Anyway, but, I asked them: "Give me money" 'cos I think it's really important that they do that, and they said: "Yes!" Anyway, so, we started to fundraise, and the big plan would be to get one or two investors to give more if possible of course, because it's such a matter of urgency, and money coming in means that we're all on target for 2020 to save this forest.

Any way, so, and so it's very very important to involve the general public, for them to get involved, to become much more active in their democratic responsibility to try to do something, and so I want to work on that as well, do events in clubs and all kinds of things to raise awareness, but also to have this publicity that you're going to get from this trick of asking models and famous people to help you first of all financially. Anyway so I hoped that we managed to do this. The very big idea is that governments - and I hope even the World Bank - will attach themselves to practical projects that are really working, instead of very often not knowing what to do, even when they've been given funds by countries to do things with it, it just sits there. So this is the idea, it's People Power we're talking about, and governments must join in. It's never happened before, we've never used our democrot- our democratic opportunities, you know, we just leave it up to governments and governments leave it up to business, and we're in this mess.

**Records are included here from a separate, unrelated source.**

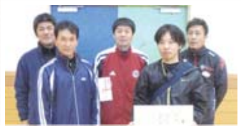
▲地区対抗 男子の部 優勝 10区
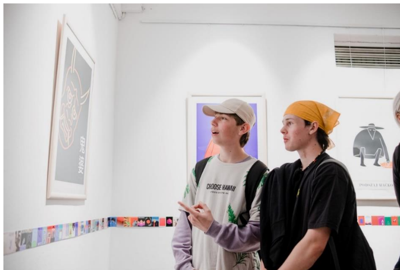
Slika 14: Razstava v Mladinskem kulturnem klubu eMČe plac

Klub eMČe plac je že vrsto let priljubljeno zbirališče mladih. Mladi soustvarjajo tako zunanjo podobo kot programsko shemo, ki jo polnijo z vsebinami, ki jih zanimajo. Je alternativni klub, kjer nastajajo vedno nove kulture in sveže ideje in prostor, kjer sobivajo različne subkulture.
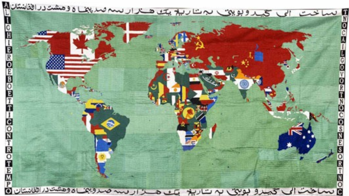
Mappa (Planisphère), 1988 Broderie sur tissu, 120x225 cm.

Les planisphères que Boetti réalisera à partir de 1971 et jusqu'à la fin de sa vie, sont une description géopolitique du monde, où nations et drapeaux sont modifiés selon le cours des événements politiques. La succession temporelle des cartes est donc la narration de l'ordre et du désordre du monde.
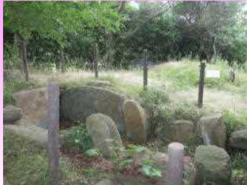
若宮海水浴場の西端にて
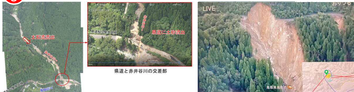
6 県道麻生国府線（八頭町福地）の道路崩落
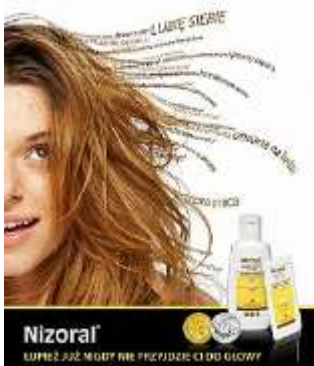
Slika 20. Reklama za Nizoral

Nizoral šamponi za kosu poznati su po pomoći u rješavanju peruti. U njihovoj je reklami ponovno vidljiva dovitljiva uporaba frazema coś przyszło komuś do głowy . U poljskom nalazimo i inačice tog frazema koje glase coś przyszło komuś na myśl te coś wpadło komuś do głowy . I u hrvatskome nalazimo ekvivalent za ovaj frazem, a on glasi pasti komu na pamet . Poljska reklama za Nizoral doslovno prevedena na hrvatski glasi: Prhut ti više nikada neće doći na glavu. Doslovno je značenje, dakle, povezano s učinkovitošću šampona, tj. ono aludira na uspješnost u rješavanju prhuti. Preneseno značenje frazema glasi 'sjetiti se', a također aludira na uspješne rezultate. Perut nam neće više pasti na pamet zato što je više nećemo imati. S obzirom da postoje inačice ovog frazema, možemo zaključiti da se radi o djelomičnoj paradigmaticnosti te da su moguće leksičke promjene unutar frazema.

Anyway, so, that's more or less what I'm doing, the most important things I wanted to tell you about, and maybe if there's anything else I need to say, it might crop up in the questions later, and I'm ready, I think, to talk to our Chinese colleague, Mr Zhue, well he's called Zhue Lan so he's Mr Zhue, I don't know if I'm pronouncing it, I'm a big big fan of China. Chinese culture is the greatest thing that ever happened as far as we know, and it lasted for more than a thousand years, China the same size that it is now, since about 200 BC, it's been that size, and it's it was a sustainable society. Its culture is the high point of human achievement, and it was run of course by intellectuals, the mandarins had to pass an examination. They were scholars, they were artists, and it would be great if some of our politicians had to pass such an examination.

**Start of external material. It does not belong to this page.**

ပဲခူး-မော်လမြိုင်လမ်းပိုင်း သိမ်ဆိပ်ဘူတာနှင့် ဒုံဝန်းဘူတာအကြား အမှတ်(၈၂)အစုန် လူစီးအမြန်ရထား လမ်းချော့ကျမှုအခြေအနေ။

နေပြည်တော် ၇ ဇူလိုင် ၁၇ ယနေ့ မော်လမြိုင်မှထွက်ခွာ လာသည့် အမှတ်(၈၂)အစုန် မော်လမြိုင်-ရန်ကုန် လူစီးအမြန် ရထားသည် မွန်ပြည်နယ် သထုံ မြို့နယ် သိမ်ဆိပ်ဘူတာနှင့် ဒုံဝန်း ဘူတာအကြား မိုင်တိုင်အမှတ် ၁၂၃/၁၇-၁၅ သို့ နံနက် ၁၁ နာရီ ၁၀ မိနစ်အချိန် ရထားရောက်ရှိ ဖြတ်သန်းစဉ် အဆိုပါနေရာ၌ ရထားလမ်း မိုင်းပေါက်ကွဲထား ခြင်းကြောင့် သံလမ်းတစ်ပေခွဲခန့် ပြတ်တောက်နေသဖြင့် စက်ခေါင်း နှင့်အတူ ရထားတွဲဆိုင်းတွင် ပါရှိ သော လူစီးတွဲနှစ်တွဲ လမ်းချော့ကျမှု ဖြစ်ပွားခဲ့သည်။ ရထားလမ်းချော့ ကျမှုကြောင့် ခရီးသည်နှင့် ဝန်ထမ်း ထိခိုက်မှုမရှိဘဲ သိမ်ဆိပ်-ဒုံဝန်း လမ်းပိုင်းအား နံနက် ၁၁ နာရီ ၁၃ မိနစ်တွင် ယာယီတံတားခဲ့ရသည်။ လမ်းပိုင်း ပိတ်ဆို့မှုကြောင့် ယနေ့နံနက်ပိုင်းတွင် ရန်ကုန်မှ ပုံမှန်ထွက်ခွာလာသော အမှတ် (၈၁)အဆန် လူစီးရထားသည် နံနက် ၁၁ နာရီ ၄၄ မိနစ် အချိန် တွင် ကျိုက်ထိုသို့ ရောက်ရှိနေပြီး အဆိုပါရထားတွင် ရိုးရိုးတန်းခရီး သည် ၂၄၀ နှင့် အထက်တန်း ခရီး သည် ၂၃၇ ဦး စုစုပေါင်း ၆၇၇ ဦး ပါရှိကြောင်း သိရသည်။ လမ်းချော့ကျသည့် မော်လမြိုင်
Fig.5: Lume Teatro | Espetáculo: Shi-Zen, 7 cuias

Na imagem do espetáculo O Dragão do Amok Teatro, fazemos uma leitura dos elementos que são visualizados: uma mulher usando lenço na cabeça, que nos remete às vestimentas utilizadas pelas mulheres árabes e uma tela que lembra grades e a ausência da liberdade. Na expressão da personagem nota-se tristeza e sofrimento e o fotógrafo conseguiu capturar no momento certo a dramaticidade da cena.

But anyway, so, it was, it turned out, they had a hierarchy of values, and you have to have that for a sustainable society. Anyway, of course, it was all sabotaged by the things that happened during the twentieth century, but I do hope, and I'm sure that the Chinese outlook, the Chinese attitude to life is, really it can't have changed completely because it was so strong for one thousand years. By the way, there was cruelty in this sustainable society. There was a sort of almost callous acceptance of the disposability of human life, probably mostly because of the famines that hit every now and again, and of course that happened particularly in time of war. The Chinese were a pacific people in this thousand years, but of course they were attacked by people every now and again, and dynasties were overthrown, but then those attackers became absorbed in the culture just in the same way that the Romans absorbed the Greek culture, the Chinese culture was more powerful, and the - anyway, but my love of China came from Chinese art, I think it's just amazing. Anyway, I'd like to talk to Mr Lan about finance probably. Thank you.